**YOUR GOAL:** Using the records below, write out only the lines from the line containing "因南环快速路声屏障换新作业需" up to and including the line containing "Personalised Initial Letter", exactly, with no pictures.

**EXERCISE DATA:**

***

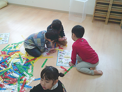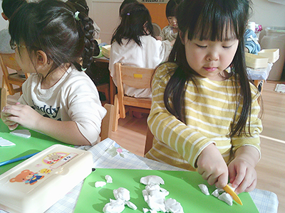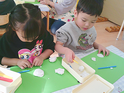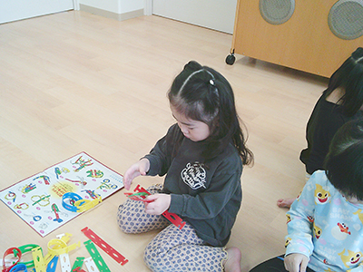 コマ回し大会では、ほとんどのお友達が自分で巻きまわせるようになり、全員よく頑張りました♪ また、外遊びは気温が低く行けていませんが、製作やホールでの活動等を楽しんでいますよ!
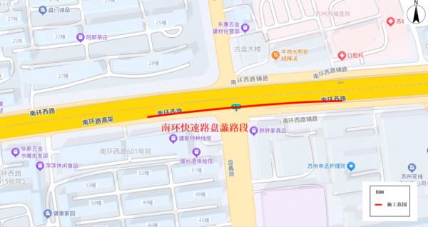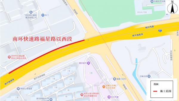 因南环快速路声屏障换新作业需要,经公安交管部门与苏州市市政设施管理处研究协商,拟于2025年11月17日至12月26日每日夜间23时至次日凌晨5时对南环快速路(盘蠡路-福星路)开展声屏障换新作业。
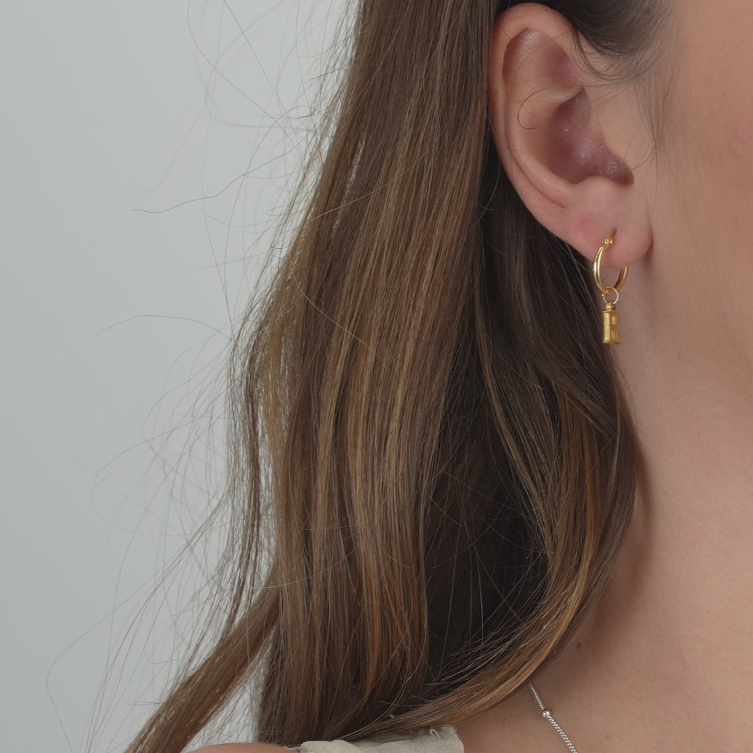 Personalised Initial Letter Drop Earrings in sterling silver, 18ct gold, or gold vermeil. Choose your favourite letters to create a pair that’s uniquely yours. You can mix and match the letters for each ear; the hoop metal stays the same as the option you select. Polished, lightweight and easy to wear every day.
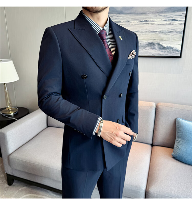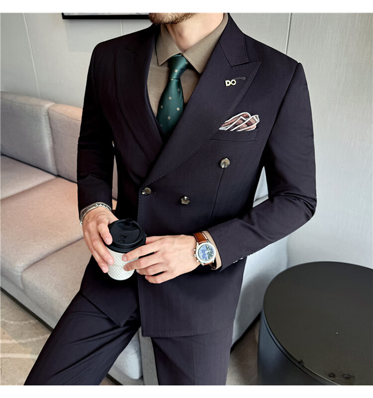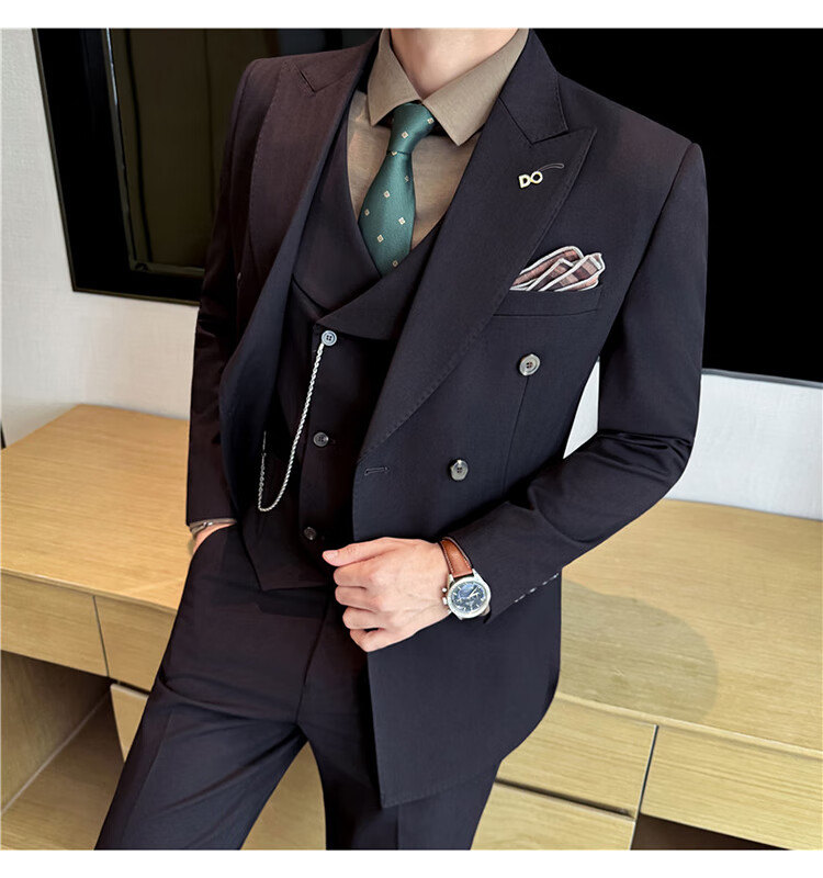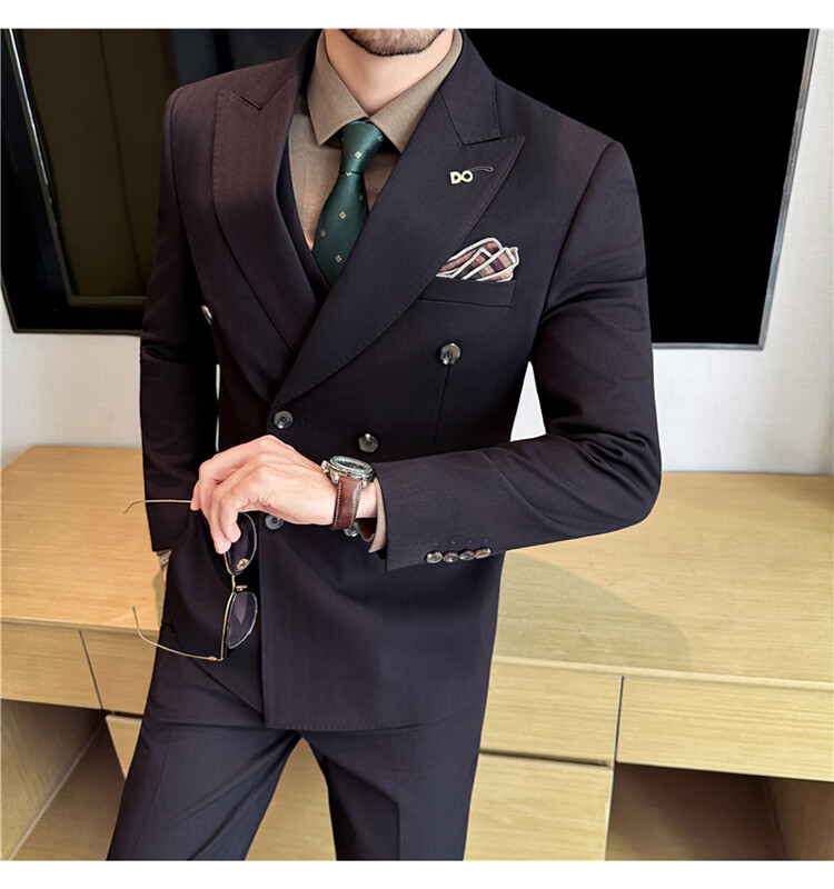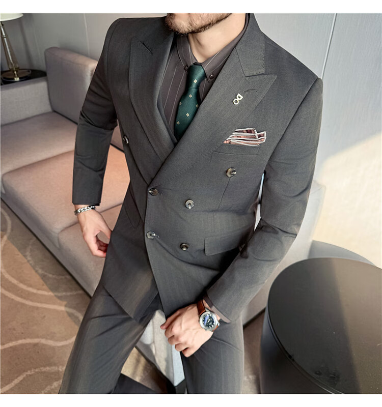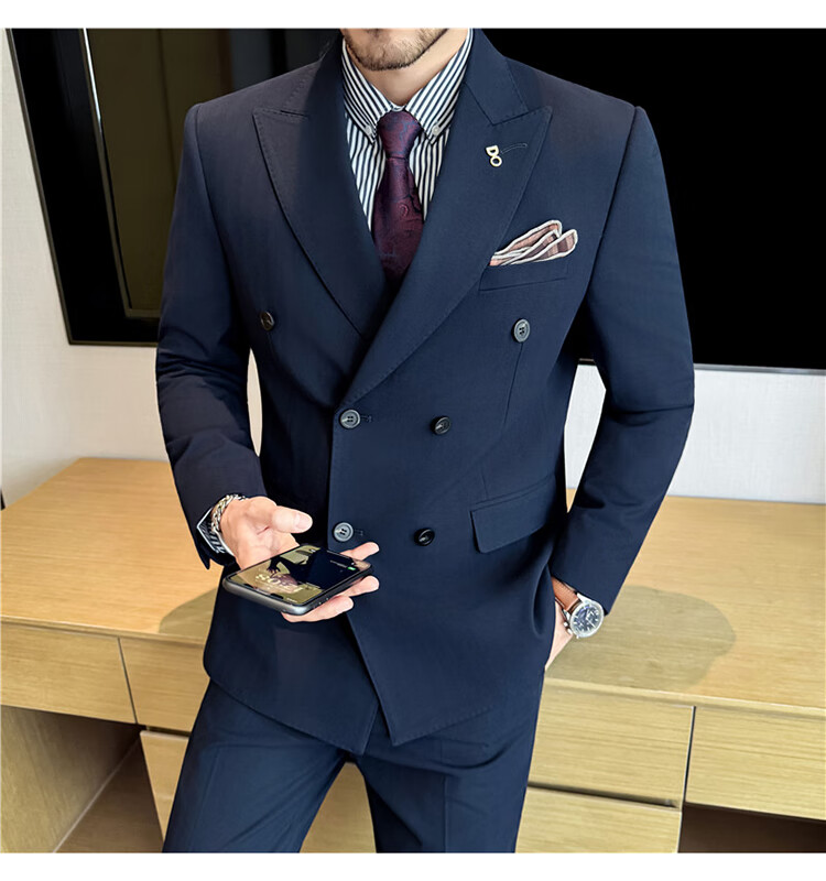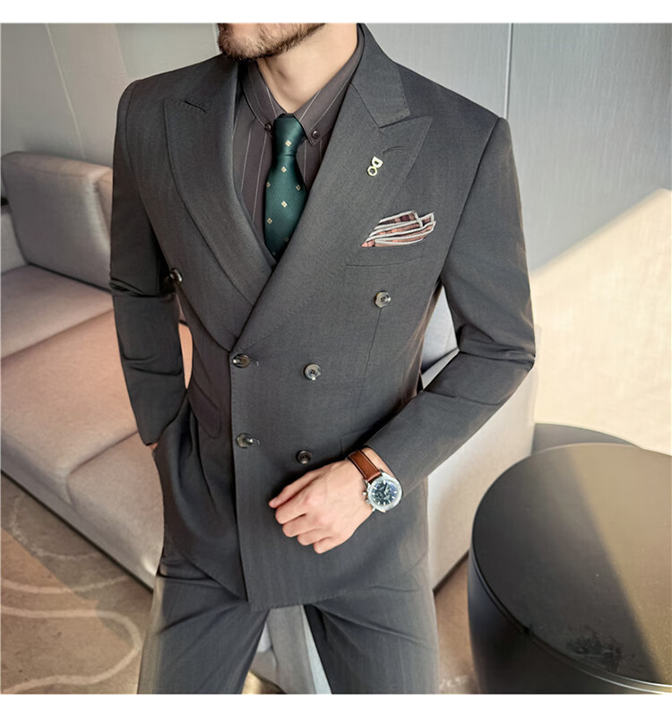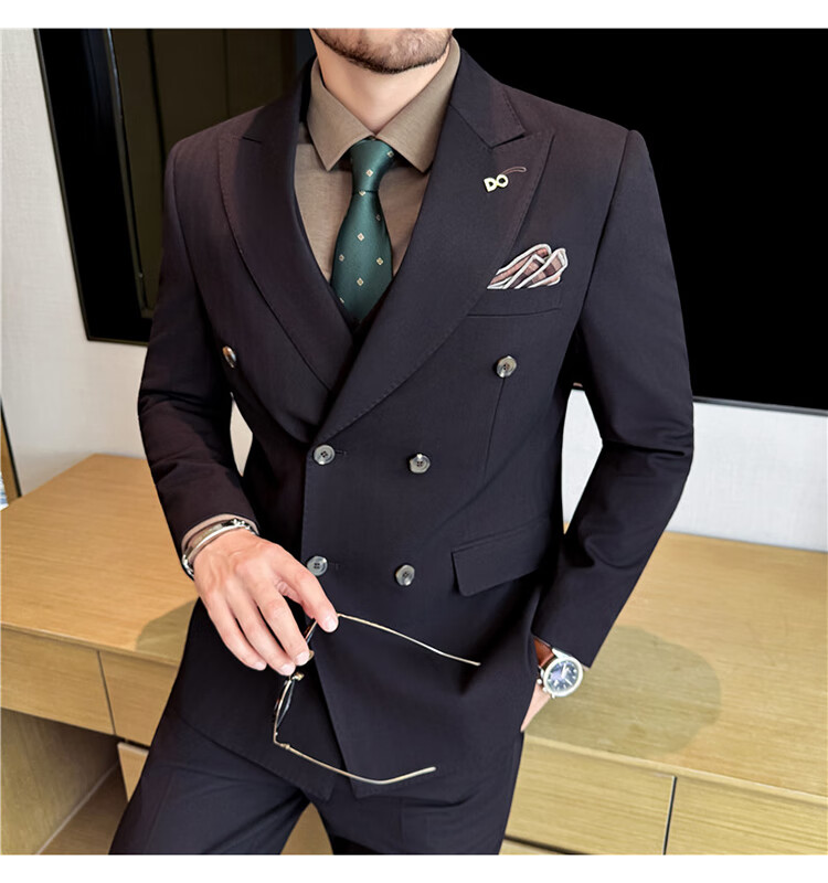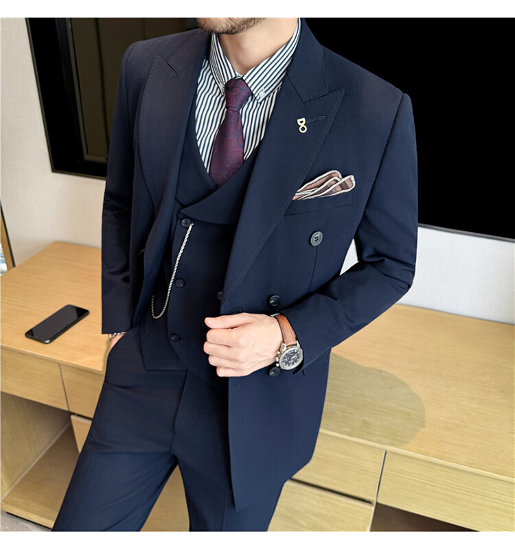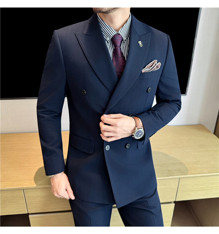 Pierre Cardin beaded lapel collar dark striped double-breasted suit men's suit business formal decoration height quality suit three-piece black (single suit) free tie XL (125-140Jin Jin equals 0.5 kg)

***

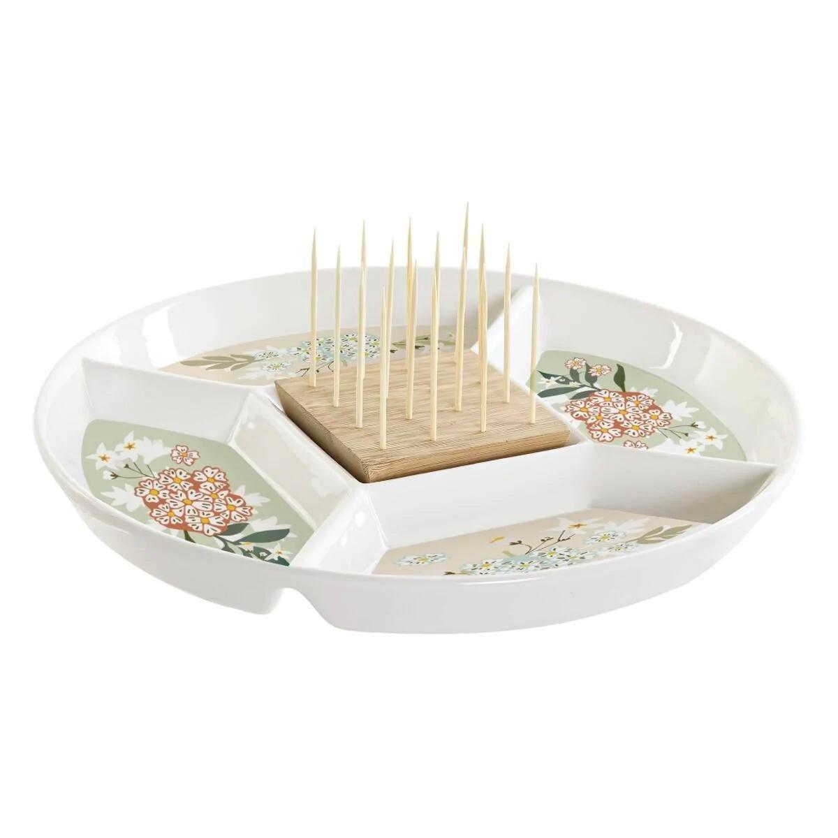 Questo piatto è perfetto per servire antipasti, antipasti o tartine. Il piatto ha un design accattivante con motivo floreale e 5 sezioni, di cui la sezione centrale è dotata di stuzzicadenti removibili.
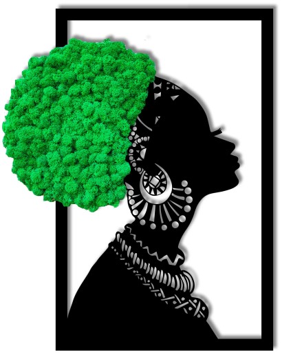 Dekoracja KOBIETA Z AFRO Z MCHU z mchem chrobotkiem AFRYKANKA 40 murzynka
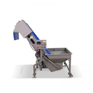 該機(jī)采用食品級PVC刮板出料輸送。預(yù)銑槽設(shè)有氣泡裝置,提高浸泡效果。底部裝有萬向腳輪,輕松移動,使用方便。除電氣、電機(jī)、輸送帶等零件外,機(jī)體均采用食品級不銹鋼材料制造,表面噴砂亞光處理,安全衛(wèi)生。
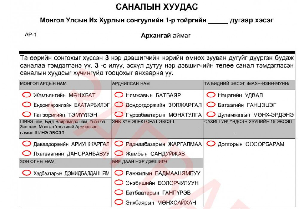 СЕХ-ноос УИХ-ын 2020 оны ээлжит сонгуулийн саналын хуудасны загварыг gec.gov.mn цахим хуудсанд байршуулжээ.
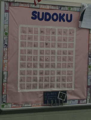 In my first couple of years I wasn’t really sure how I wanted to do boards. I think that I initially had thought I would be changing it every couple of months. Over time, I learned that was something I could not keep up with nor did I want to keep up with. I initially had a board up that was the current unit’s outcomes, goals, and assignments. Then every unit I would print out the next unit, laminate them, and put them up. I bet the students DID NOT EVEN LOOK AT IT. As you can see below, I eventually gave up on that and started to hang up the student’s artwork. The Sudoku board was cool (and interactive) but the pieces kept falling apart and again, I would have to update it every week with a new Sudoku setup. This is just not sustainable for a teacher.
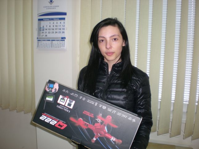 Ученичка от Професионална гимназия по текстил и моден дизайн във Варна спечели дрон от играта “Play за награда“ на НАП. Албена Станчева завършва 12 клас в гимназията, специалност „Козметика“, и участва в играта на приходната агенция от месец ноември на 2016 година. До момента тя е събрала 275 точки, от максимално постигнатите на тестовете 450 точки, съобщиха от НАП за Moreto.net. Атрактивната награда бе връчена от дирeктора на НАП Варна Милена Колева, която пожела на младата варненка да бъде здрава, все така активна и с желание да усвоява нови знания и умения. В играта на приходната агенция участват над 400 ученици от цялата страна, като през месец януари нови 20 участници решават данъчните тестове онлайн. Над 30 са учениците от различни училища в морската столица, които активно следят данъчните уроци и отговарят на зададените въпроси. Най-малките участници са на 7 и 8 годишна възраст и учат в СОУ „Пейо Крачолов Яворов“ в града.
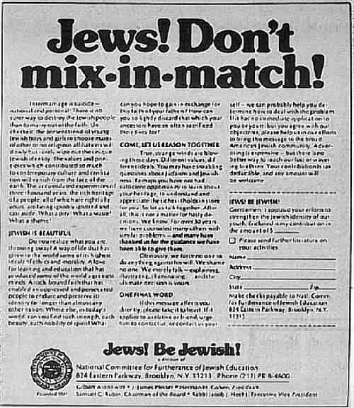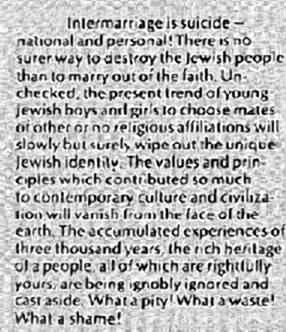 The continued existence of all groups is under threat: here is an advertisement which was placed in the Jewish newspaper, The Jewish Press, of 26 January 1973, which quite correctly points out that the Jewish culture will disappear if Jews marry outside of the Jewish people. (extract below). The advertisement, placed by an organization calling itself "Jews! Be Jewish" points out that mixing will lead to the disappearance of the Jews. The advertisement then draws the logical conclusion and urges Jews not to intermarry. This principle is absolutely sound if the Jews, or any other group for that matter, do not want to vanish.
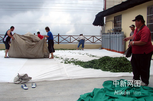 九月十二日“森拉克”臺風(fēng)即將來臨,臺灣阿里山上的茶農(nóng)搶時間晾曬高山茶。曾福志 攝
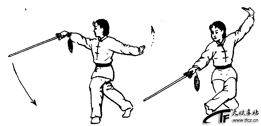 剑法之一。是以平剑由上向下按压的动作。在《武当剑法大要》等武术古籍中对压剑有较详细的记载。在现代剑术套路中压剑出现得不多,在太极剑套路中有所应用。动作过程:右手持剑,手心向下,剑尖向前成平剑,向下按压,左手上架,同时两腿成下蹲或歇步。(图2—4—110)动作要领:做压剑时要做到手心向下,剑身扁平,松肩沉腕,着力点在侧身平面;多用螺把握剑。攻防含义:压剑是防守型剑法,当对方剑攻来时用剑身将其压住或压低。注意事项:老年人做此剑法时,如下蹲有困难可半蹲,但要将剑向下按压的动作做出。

***

**RESULT OF THE EXERCISE:**
 因南环快速路声屏障换新作业需要,经公安交管部门与苏州市市政设施管理处研究协商,拟于2025年11月17日至12月26日每日夜间23时至次日凌晨5时对南环快速路(盘蠡路-福星路)开展声屏障换新作业。
 Personalised Initial Letter Drop Earrings in sterling silver, 18ct gold, or gold vermeil. Choose your favourite letters to create a pair that’s uniquely yours. You can mix and match the letters for each ear; the hoop metal stays the same as the option you select. Polished, lightweight and easy to wear every day.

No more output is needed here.